Re: Scope and complexity (was Re: More on XSS mitigation)

On Tue, Jan 25, 2011 at 3:19 PM, Brandon Sterne <bsterne@mozilla.com> wrote:
> On 01/25/2011 02:32 PM, Adam Barth wrote:
>>> Others have expressed interest in the existing CSP features within this
>>> discussion.  If people find the features useful now then why would take
>>> a wait-and-see approach to building them in to the model?
>>
>> Because I'd like to wait-and-see whether they're right.  :)
>>
>> Less glibly, I think that CSP has a bunch of ideas bundled together.
>> I think some of those ideas are great (like limiting where you get
>> scripts from), but I think that others aren't as great (e.g., limiting
>> where you can XHR or the clickjacking mitigation).  I'd like to
>> implement the great ideas now and pave the way for implementing more
>> great ideas in the future.
>
> I do think we're getting somewhere, for what it's worth :-)

That's good.  It seems clear to me that we should be able to figure
something out.

> I agree with you that some of CSP's features are obvious wins. Some of
> the features are less obvious in terms of immediate benefits provided
> (more on that below).  I think we disagree on which features are obvious
> wins.  I would place content restrictions in the category of obvious
> win. We have heard people say that CSP "would be a lot less useful if it
> didn't include those capabilities".  This is not a matter of
> waiting-and-seeing if they are "right". These features fit in to their
> current use cases.
>
> If you have concrete reasons why specific features should be abandoned
> or deferred until later, now is the time to bring them up. Otherwise,
> CSP offers a solution to a real set of problems.  There may be ways to
> improve the solutions and we should adopt those if we can discover them.
>  If not, then CSP surely must be better than no solution.

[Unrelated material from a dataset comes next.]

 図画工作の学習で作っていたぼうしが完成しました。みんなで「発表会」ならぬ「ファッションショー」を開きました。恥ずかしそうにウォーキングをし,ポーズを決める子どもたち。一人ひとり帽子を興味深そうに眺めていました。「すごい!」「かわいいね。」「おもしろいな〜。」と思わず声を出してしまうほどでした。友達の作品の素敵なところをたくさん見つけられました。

Rather than lump CSP features into "now" and "later", I'll try to rank
them in order of how impactful they seem to me.  Ideally we'd be able
to arrange things so that we don't have to agree over where to draw
the line between "now" and "later".

script-src
object-src
report-uri
style-src
frame-src
policy-uri
img-src
xhr-src
frame-ancestors
media-src
font-src
options eval-script
options inline-script

In the list above, I'm using CSP syntax, but I mean them to represent
the feature behind the syntax, or what I imagine the syntax to be
useful for.  For example, I'm not in love with the report-uri
mechanism, but in listing it above, I mean the "web sites should be
able to get telemetry data about how well their site complies with
their policy" feature.

There are also some features I think would be valuable that aren't in CSP:

utf8-damn-it
no-outgoing-referrer
object-types <media-type-list>
block-third-party-cookies

I'm not sure exactly where they fit in my priority list, and I'd like
to defer that decision until later, but they're on my radar.

> I've argued that we should provide more levers because we may be faced
> with future threats that can be mitigated by pulling some combination of
> the levers.  Admittedly, this is a difficult position to defend as there
> are no clear and present dangers that all of the proposed levers map to.
>  It would be productive, I think, to debate the merits of the individual
> features rather than saying "script loading is the only useful part; the
> rest should be dismissed".  We already have evidence to the contrary.

I feel like CSP, as currently designed, is locking us into it's 1.0
vision.  If we had something that was more extensible, then we could
add more functionality over time.  Maybe this is a byproduct of
thinking in the web style of "release early and iterate" (e.g., as
espoused by Paul Graham and others), but I'd to start with the minimum
viable feature and build from there.